[Description of the task] Stop at the line that contains "- marché de". Until then, set down each line of the records exactly, beginning with the first, and skip pictures.

---

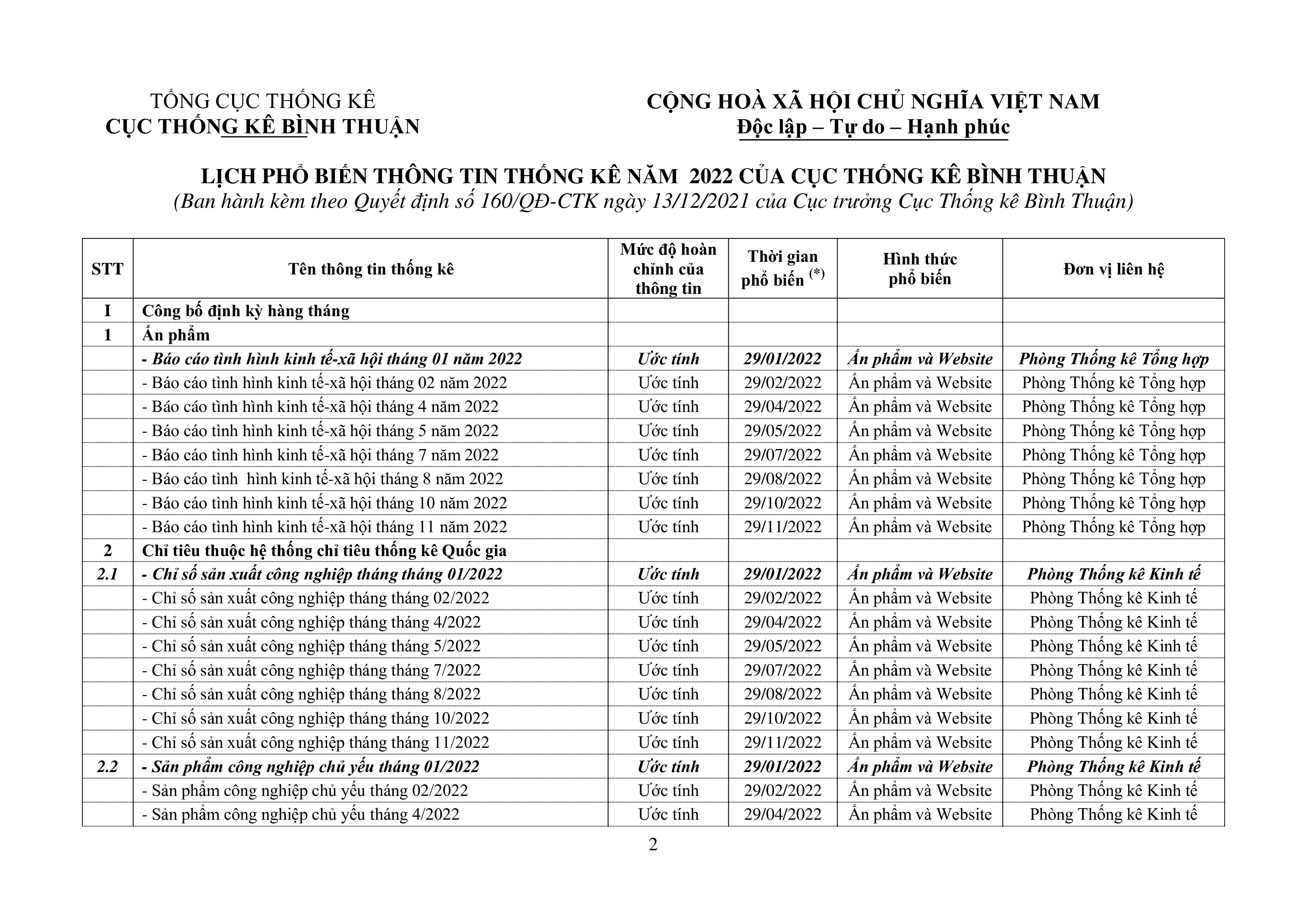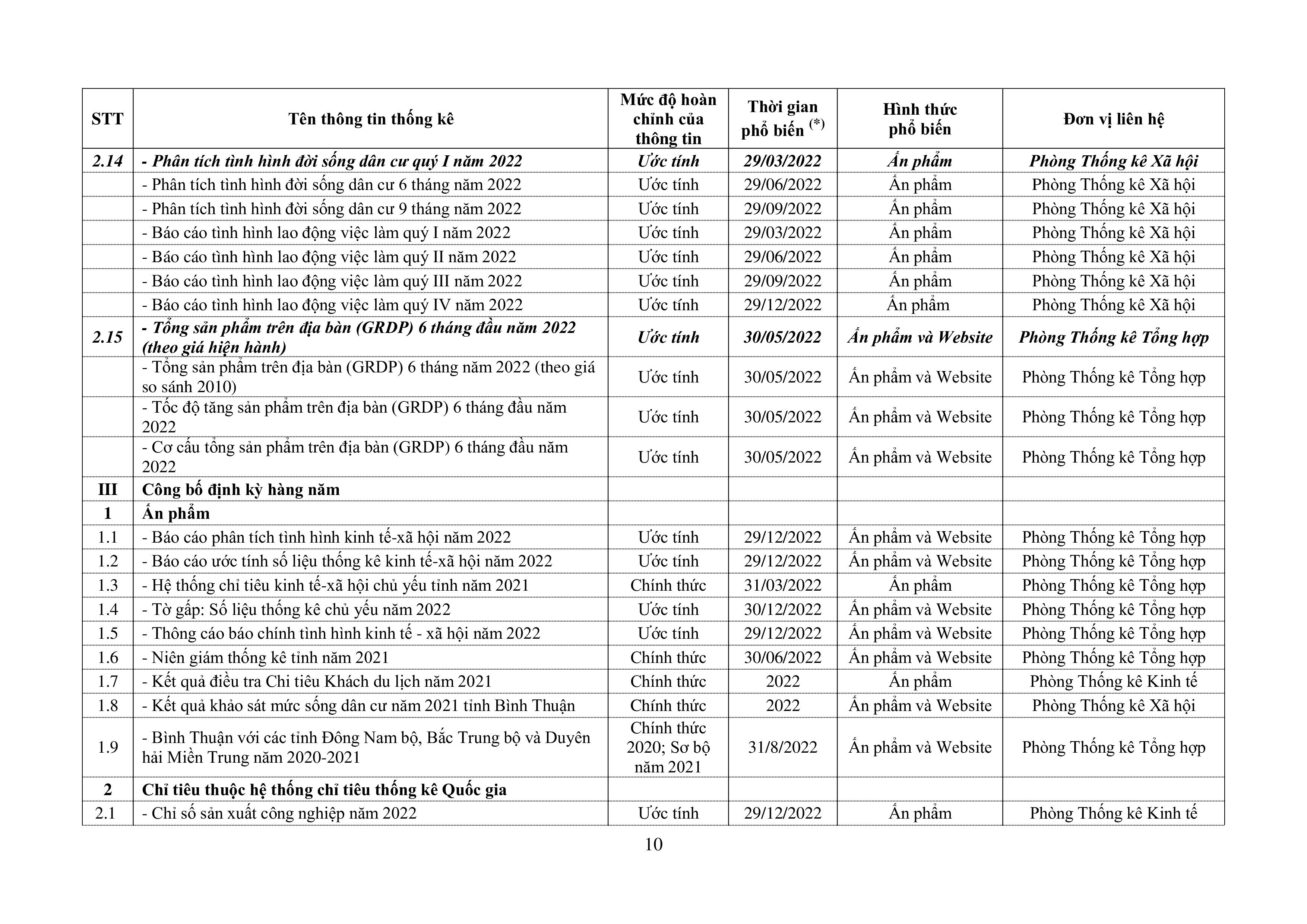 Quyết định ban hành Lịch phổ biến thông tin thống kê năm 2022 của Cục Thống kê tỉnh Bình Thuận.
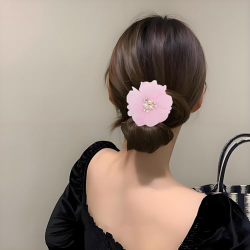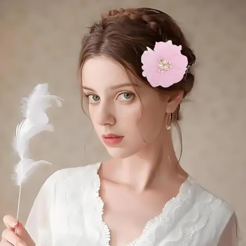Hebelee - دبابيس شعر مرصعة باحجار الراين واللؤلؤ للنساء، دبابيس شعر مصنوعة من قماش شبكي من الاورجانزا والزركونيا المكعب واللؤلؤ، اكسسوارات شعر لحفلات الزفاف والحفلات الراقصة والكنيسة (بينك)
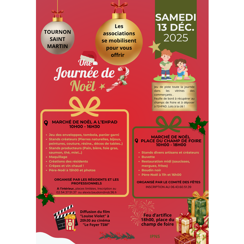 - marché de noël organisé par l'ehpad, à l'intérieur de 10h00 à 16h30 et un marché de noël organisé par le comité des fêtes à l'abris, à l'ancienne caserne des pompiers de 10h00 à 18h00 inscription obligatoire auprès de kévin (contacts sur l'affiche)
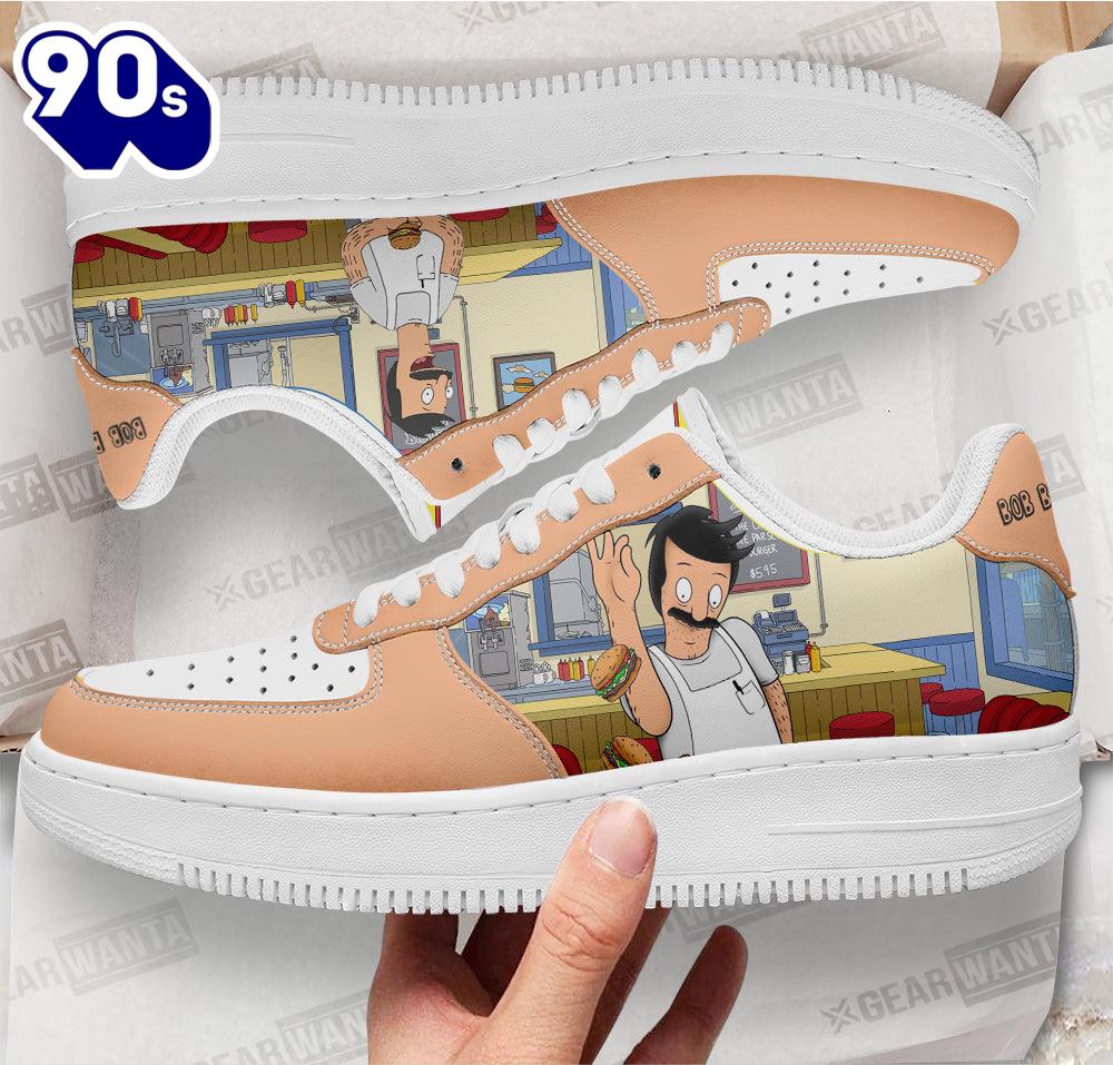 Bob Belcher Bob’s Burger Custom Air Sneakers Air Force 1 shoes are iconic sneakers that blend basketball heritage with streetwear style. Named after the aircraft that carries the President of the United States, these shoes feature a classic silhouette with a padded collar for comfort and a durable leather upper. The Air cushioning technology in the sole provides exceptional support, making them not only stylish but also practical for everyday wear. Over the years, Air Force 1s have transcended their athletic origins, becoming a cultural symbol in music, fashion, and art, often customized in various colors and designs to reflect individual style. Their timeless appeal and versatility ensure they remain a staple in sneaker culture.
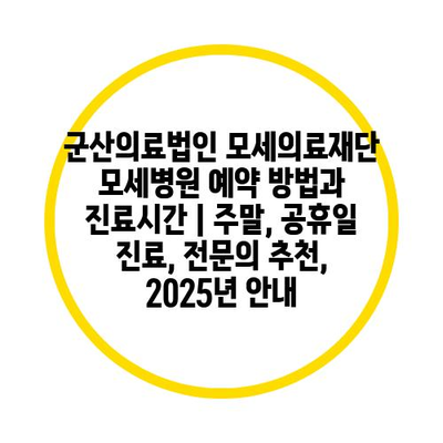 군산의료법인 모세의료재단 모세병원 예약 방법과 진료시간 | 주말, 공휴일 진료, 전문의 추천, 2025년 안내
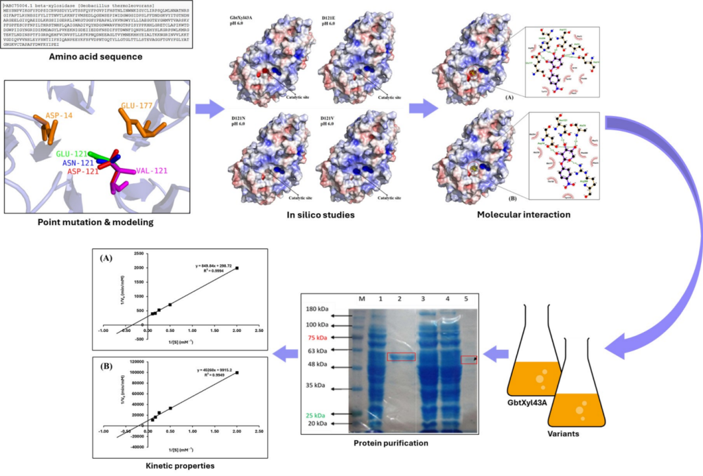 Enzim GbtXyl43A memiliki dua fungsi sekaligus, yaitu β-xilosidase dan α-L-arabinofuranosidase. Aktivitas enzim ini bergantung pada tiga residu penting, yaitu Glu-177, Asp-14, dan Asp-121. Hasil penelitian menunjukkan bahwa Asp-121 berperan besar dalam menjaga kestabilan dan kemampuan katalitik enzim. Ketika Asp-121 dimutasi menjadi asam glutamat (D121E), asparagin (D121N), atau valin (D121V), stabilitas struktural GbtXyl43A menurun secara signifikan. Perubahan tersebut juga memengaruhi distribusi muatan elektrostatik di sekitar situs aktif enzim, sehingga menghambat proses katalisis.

---

[Result for this task]
 Quyết định ban hành Lịch phổ biến thông tin thống kê năm 2022 của Cục Thống kê tỉnh Bình Thuận.
Hebelee - دبابيس شعر مرصعة باحجار الراين واللؤلؤ للنساء، دبابيس شعر مصنوعة من قماش شبكي من الاورجانزا والزركونيا المكعب واللؤلؤ، اكسسوارات شعر لحفلات الزفاف والحفلات الراقصة والكنيسة (بينك)
 - marché de noël organisé par l'ehpad, à l'intérieur de 10h00 à 16h30 et un marché de noël organisé par le comité des fêtes à l'abris, à l'ancienne caserne des pompiers de 10h00 à 18h00 inscription obligatoire auprès de kévin (contacts sur l'affiche)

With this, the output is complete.